Justice Ruth Bader Ginsburg says she’s not surprised that Southern states have pushed ahead with tough voter identification laws and other measures since the Supreme Court freed them from strict federal oversight of their elections.
Ginsburg said in an interview with The Associated Press that Texas’ decision to implement its voter ID law hours after the court struck down a key provision of the Voting Rights Act last month was powerful evidence of an ongoing need to keep states with a history of voting discrimination from making changes in the way they hold elections without getting advance approval from Washington.
The Justice Department said Thursday it would try to bring Texas and other places back under the advance approval requirement through a part of the law that was not challenged.
“The notion that because the Voting Rights Act had been so tremendously effective we had to stop it didn’t make any sense to me,” Ginsburg said in a wide-ranging interview late Wednesday in her office at the court. “And one really could have predicted what was going to happen.”
The 80-year-old justice dissented from the 5-4 decision on the voting law. Ginsburg said in her dissent that discarding the law was “like throwing away your umbrella in a rainstorm because you are not getting wet.”
Just a month removed from the decision, she said, “I didn’t want to be right, but sadly I am.”
She spoke a day before Attorney General Eric Holder said the Obama administration will open a new front in the battle for voter protections in response to the court’s decision.
Holder said the first move would be to ask a federal court in San Antonio to require Texas to obtain advance approval before putting in place future political redistricting or other voting changes.

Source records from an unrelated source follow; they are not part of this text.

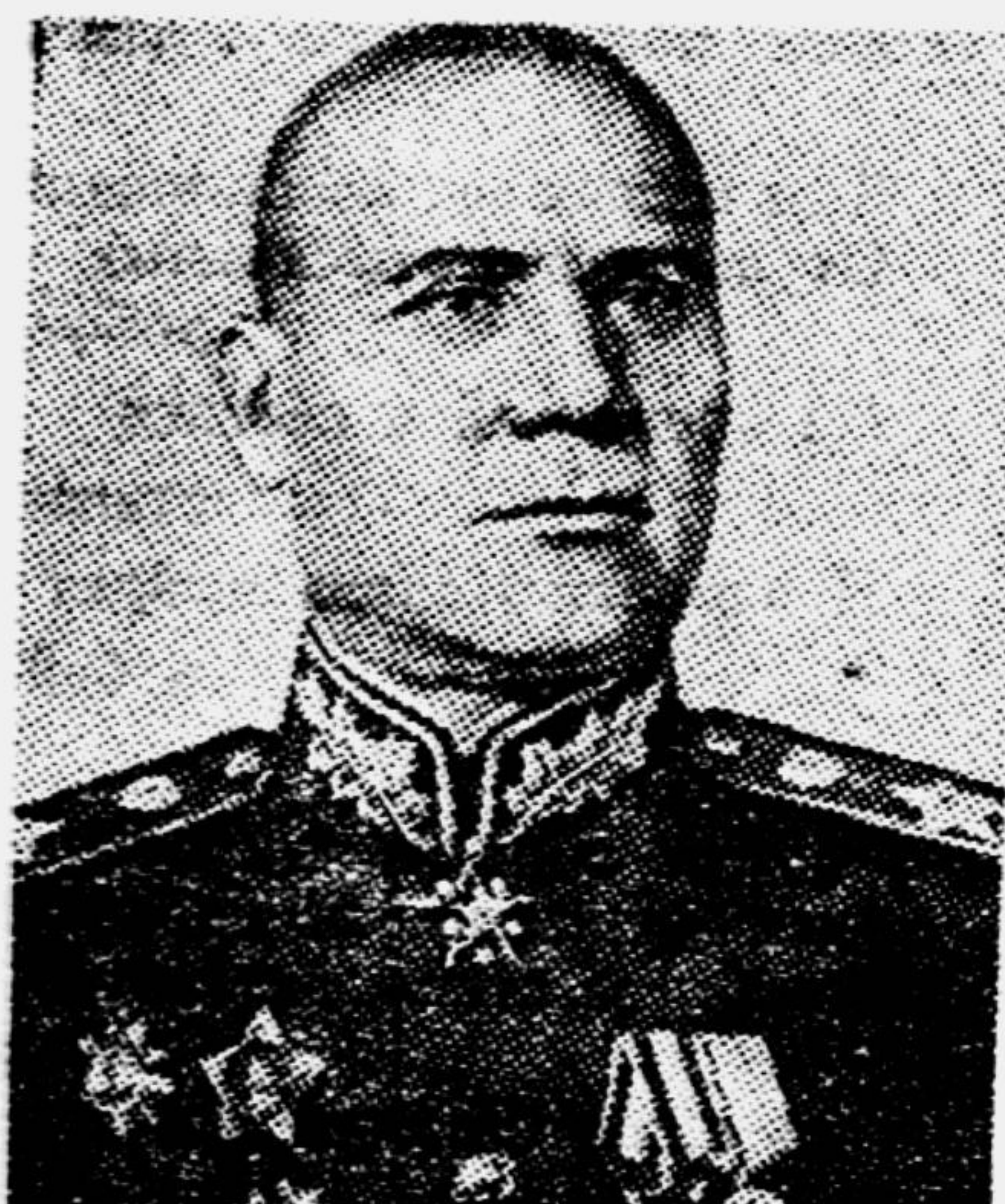
Герой Советского Союза Маршал Советского Союза И. С. КОНЕВ.
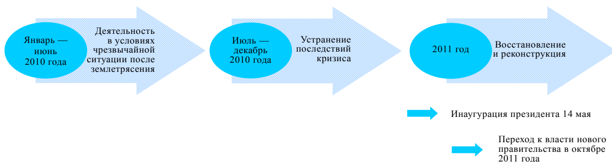
Диаграмма I График работы МООНСГ в период 2010–2011 годов
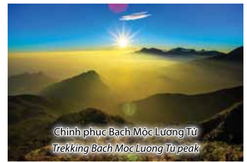
Chinh phục Bạch Mộc Lương Tử Trekking Bach Moc Luong Tu peak
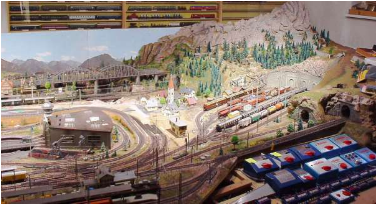
rechte Teil der Anlage mit den alten Trafos und Tunneleinfahrten
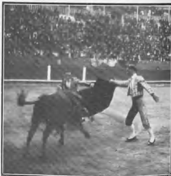
Palma de Mallorca. Ugarte pasando de muleta á su tercer toro.
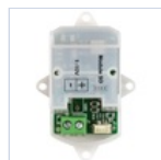
15034 MODULO 1-10V
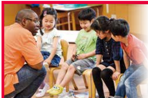
異文化体験に溢れるプリミアスクールの日常。 赤をテーマに過ごすプリミアスクールキンダーガーデンの 「レッドデー」。園児は思い思いの赤い服や小物で登園する。

フレンドクラブでは、卒園児を対象に 幼稚園での英語学習を引き継ぎ、 より一層その能力を 高めるための授業を行っています。
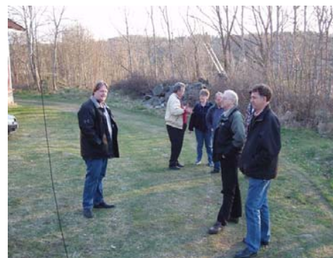
SM6XAT, DER, KAT, PID, RTN & EPW
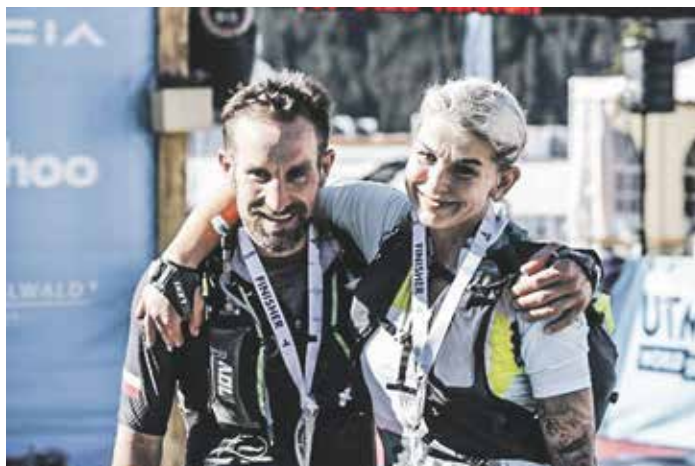
Zcela vyčerpaní, ale šťastní v cíli švýcarského závodu E250.
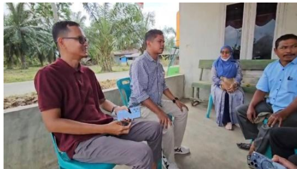
Gambar 3. Koordinasi dengan Perangkat Desa

Setelah permasalahan teridentifikasi, tahap selanjutnya adalah melakukan koordinasi dengan pemerintah desa sebagai mitra dalam pelaksanaan kegiatan pengabdian. Koordinasi ini bertujuan untuk menyampaikan rencana program yang akan dilaksanakan serta memperoleh dukungan dari pihak pemerintah desa. Pada tahap ini tim pengabdian melakukan pertemuan dengan kepala desa serta perangkat desa untuk membahas lokasi kegiatan, jumlah masyarakat penerima manfaat, serta fasilitas yang dapat digunakan selama pelaksanaan kegiatan. Selain itu, pemerintah desa turut berperan dalam menentukan lokasi yang paling tepat untuk pemasangan teknologi filter air agar dapat dimanfaatkan secara optimal oleh masyarakat.
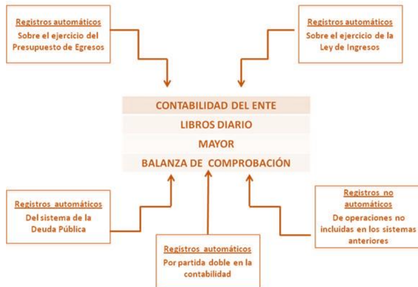
Esquema de Integración de los Asientos Contables en la Contabilidad Gubernamental

6 A partir de la información contenida en la Balanza de Comprobación de Sumas y Saldos, se elaboran automáticamente los estados contables, presupuestarios, programáticos y económicos que requiere la Ley y que ya fueron referidos anteriormente.
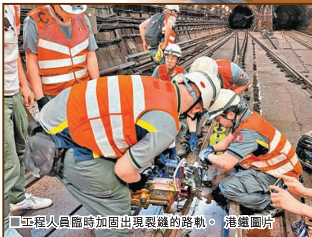
工程人員臨時加固出現裂縫的路軌。

“Even as Congress considers updates to the Voting Rights Act in light of the court’s ruling, we plan, in the meantime, to fully utilize the law’s remaining sections to ensure that the voting rights of all American citizens are protected,” Holder said in a speech to the National Urban League in Philadelphia.
Ginsburg and the administration were on the losing side of the June 25 ruling in which the court effectively gutted what civil rights advocates have called the law’s crown jewel, the advance approval requirement. It applied to 15 mainly Southern states.
The decision, written by Chief Justice John Roberts, said it was no longer fair to subject those jurisdictions to strict federal monitoring based on data that is at least 40 years old. The extraordinary intrusion on state power to conduct elections could only be justified by current conditions, Roberts said.
“There is no denying, however, that the conditions that originally justified these measures no longer characterize voting in the covered jurisdictions,” he said.
Roberts relied heavily on another decision from 2009 in which the justices essentially left the law alone while warning Congress about serious problems with the data and urging lawmakers to do something about it. They didn’t.
In that case, Ginsburg joined Roberts and every justice but Clarence Thomas to leave prior approval in place.
Ginsburg said she probably shouldn’t have done that. “I think in the first voting rights case, there was a strong impetus to come down with a unanimous decision with the thought that maybe Congress would do something about it before we had to deal with it again,” she said. “But I suppose with the benefit of hindsight, I might have taken a different view.”
Notably, when the court in late June ruled narrowly in a challenge to the University of Texas’ race-conscious admissions program, Ginsburg was the lone dissenter. Two other liberal justices joined with the conservatives in a decision that left in place affirmative action in college admissions but also called on federal judges to examine those plans more closely.
“Time will tell,” she said, whether affirmative action will meet a fate similar to that of the Voting Rights Act. Justice Lewis Powell’s opinion in the Bakke case in 1978 has been the blueprint for affirmative action plans ever since, she said. “And now it remains to be seen. We’ll have to wait for the next case.”
She also spoke about the court’s 5-4 ruling, in which she was in the majority, to strike down part of the federal anti-gay marriage law that Congress passed in 1996. Ginsburg couldn’t resist taking a dig at her good friend and ideological opposite Antonin Scalia, who voted to uphold that law and strike down the voting rights law.
“Scalia, who really takes after the court for taking over legislative turf in same-sex marriage, doesn’t make a whimper in voting rights, which passed 98 to nothing in the Senate and 330 to something in the House. I didn’t put that to him, but surely he’s going to be asked the question, ‘How do you distinguish the two?'” she said.
As the court’s oldest justice and with an early surgery for pancreatic cancer in 2009, Ginsburg is accustomed to questions about her health. She has broken a pair of ribs in consecutive springs but has not missed any time on the job. She exercises regularly and is traveling extensively this summer, including to Cooperstown, N.Y., in pursuit of her favorite pastime, opera.
She also did not shy from discussing, in her words, “when is she going to retire?”
“My answer is, as long as I can do the job full steam, I will,” Ginsburg said. “At my age, you can’t say, you have to go year by year.”